EXERCISE: The result should be an exact copy of the entries below, free of pictures.

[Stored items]
::::

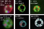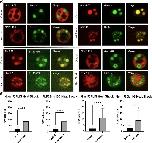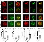 Figure 4. Nucleolar proteins after heat shock. Oocytes were heat shocked at 37°C for 1 h (controls were left at 13°C) in OCM for 1 h. (a) Representative images of nucleoli expressing fluorescently labeled proteins after heat shock treatment. RFP-fused proteins are shown in the first column of, GFP-fused proteins are shown in the second column, the merged images are shown in the third column. All images are of unfixed samples. Scale bar = 10 μm. (b) Graphical representation of a dataset of heat shock treatments showing the number of punctate spots per nucleolus from oocytes treated at 13°C (control) or 37°C (heat shock) for 1 h as represented by the dense fibrillar component localization protein indicated in either red or green. PS = punctate spots, which are partial dense fibrillar components. Each experiment was repeated three times, all producing significant changes between untreated and heat shocked nucleoli (pâ<â.05). Scale bar = 10 μm |
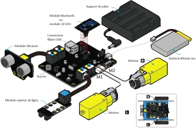 Il est constitué d'un châssis robuste en aluminium équipé de deux motoréducteurs et d'une carte de pilotage (arduino). Il peut détecter des obstacles, suivre une ligne, émettre des sons et des signaux lumineux, recevoir des ordres d'une télécommande, communiquer par un canal infrarouge avec un autre robot...
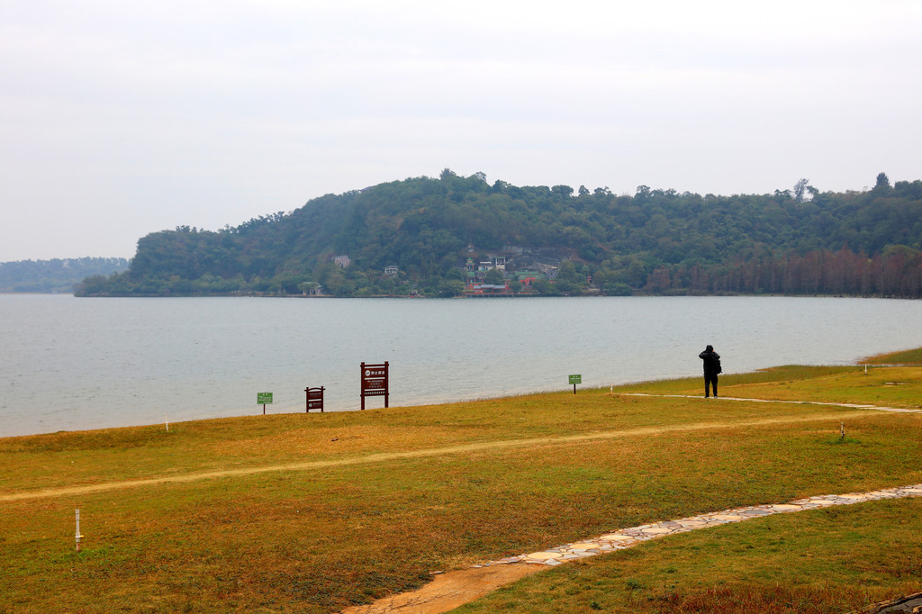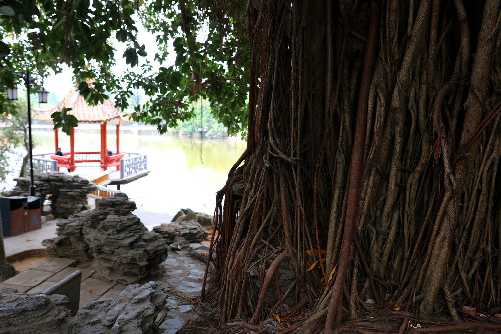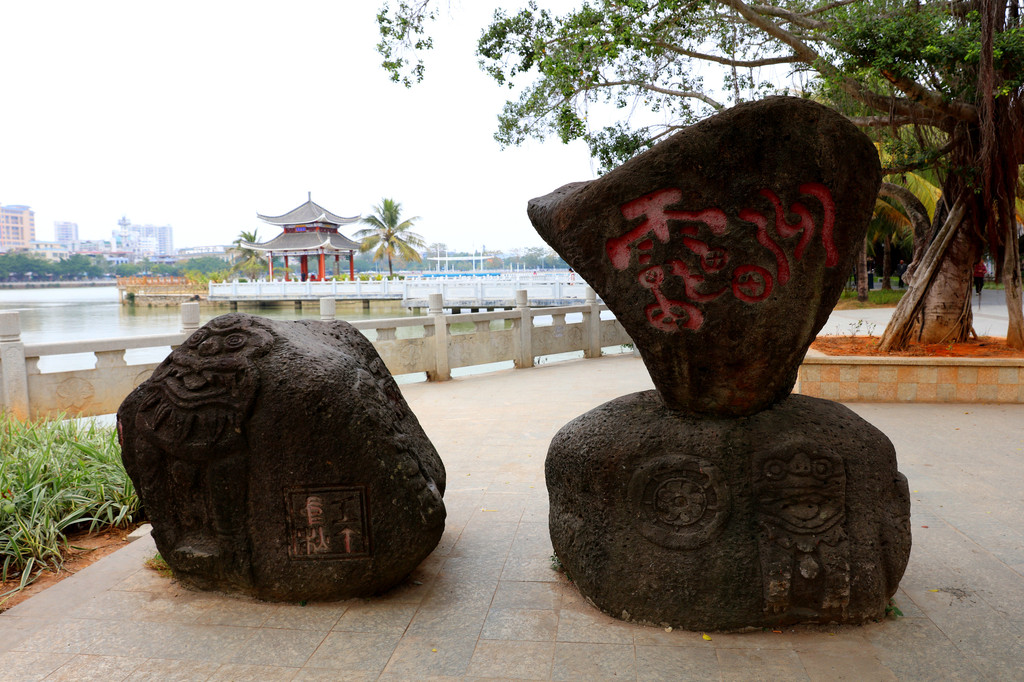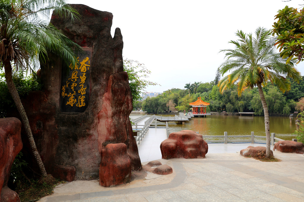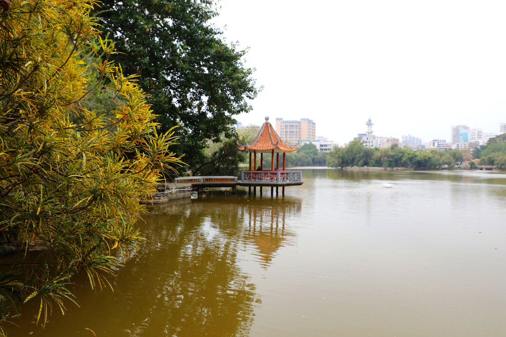 吃过午饭我们顺路游雷州西湖, “天下西湖三十六,东坡到处有西湖”,这雷州西湖原名罗湖,自从大文豪苏轼兄弟在此醉游之后,雷州人为了纪念苏公,将罗湖更名为西湖,并筑亭追念,古代中国,岭南已是蛮荒之境,而雷州半岛更是皇帝贬谪名人异士的终极流亡地,除了苏轼、苏辙,寇准、秦观等宋代名臣也都到过这里,西湖畔还有纪念他们的十贤堂,雷州人对来过的名士,哪怕只是短暂的停留,都铭记于心,其中部分人对雷州的发展确实做了不少的贡献,我们在南国暖阳中漫步雷州西湖,看湖面波光潋滟,观飞鸟曼舞落叶无声,品味一步一景步移景换的美好……这雷州西湖面积很小,门票免费,其实也没法收费,因为小小的湖就位于雷州市中心,站在人来车往的马路上整个西湖一目瞭了,不过因为有了这西湖,让这座偏远小城变得更加文艺了。
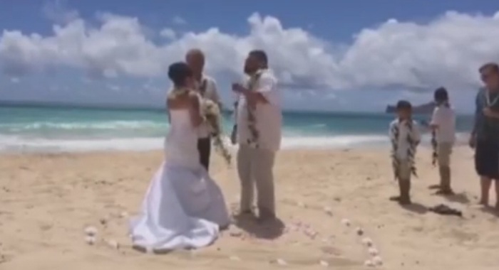 O vídeo do momento trágico vivido pelos noivos, identificado como Jason e Sandy, viralizou na internet
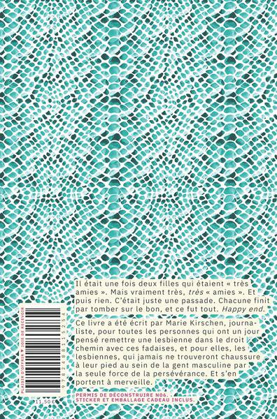 Ce livre a été écrit par Marie Kirschen, journaliste, pour toutes les personnes qui ont un jour pensé remettre une lesbienne dans le droit chemin avec ces fadaises, et pour elles, les lesbiennes, qui jamais ne trouveront chaussure à leur pied au sein de la gent masculine par la seule force de la persévérance. Et s’en portent à merveille.
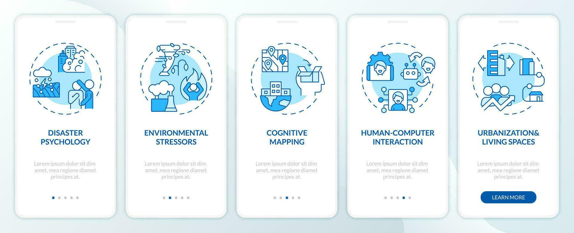 2d íconos representando ambiental psicología areas de estudiar móvil aplicación pantalla colocar. recorrido 5 5 pasos azul gráfico instrucciones con Delgado línea íconos concepto, ui, ux, gui modelo. Vector Pro

::::

SOLUTION FOR THIS EXERCISE:
 Figure 4. Nucleolar proteins after heat shock. Oocytes were heat shocked at 37°C for 1 h (controls were left at 13°C) in OCM for 1 h. (a) Representative images of nucleoli expressing fluorescently labeled proteins after heat shock treatment. RFP-fused proteins are shown in the first column of, GFP-fused proteins are shown in the second column, the merged images are shown in the third column. All images are of unfixed samples. Scale bar = 10 μm. (b) Graphical representation of a dataset of heat shock treatments showing the number of punctate spots per nucleolus from oocytes treated at 13°C (control) or 37°C (heat shock) for 1 h as represented by the dense fibrillar component localization protein indicated in either red or green. PS = punctate spots, which are partial dense fibrillar components. Each experiment was repeated three times, all producing significant changes between untreated and heat shocked nucleoli (pâ<â.05). Scale bar = 10 μm |
 Il est constitué d'un châssis robuste en aluminium équipé de deux motoréducteurs et d'une carte de pilotage (arduino). Il peut détecter des obstacles, suivre une ligne, émettre des sons et des signaux lumineux, recevoir des ordres d'une télécommande, communiquer par un canal infrarouge avec un autre robot...
 吃过午饭我们顺路游雷州西湖, “天下西湖三十六,东坡到处有西湖”,这雷州西湖原名罗湖,自从大文豪苏轼兄弟在此醉游之后,雷州人为了纪念苏公,将罗湖更名为西湖,并筑亭追念,古代中国,岭南已是蛮荒之境,而雷州半岛更是皇帝贬谪名人异士的终极流亡地,除了苏轼、苏辙,寇准、秦观等宋代名臣也都到过这里,西湖畔还有纪念他们的十贤堂,雷州人对来过的名士,哪怕只是短暂的停留,都铭记于心,其中部分人对雷州的发展确实做了不少的贡献,我们在南国暖阳中漫步雷州西湖,看湖面波光潋滟,观飞鸟曼舞落叶无声,品味一步一景步移景换的美好……这雷州西湖面积很小,门票免费,其实也没法收费,因为小小的湖就位于雷州市中心,站在人来车往的马路上整个西湖一目瞭了,不过因为有了这西湖,让这座偏远小城变得更加文艺了。
 O vídeo do momento trágico vivido pelos noivos, identificado como Jason e Sandy, viralizou na internet
 Ce livre a été écrit par Marie Kirschen, journaliste, pour toutes les personnes qui ont un jour pensé remettre une lesbienne dans le droit chemin avec ces fadaises, et pour elles, les lesbiennes, qui jamais ne trouveront chaussure à leur pied au sein de la gent masculine par la seule force de la persévérance. Et s’en portent à merveille.
 2d íconos representando ambiental psicología areas de estudiar móvil aplicación pantalla colocar. recorrido 5 5 pasos azul gráfico instrucciones con Delgado línea íconos concepto, ui, ux, gui modelo. Vector Pro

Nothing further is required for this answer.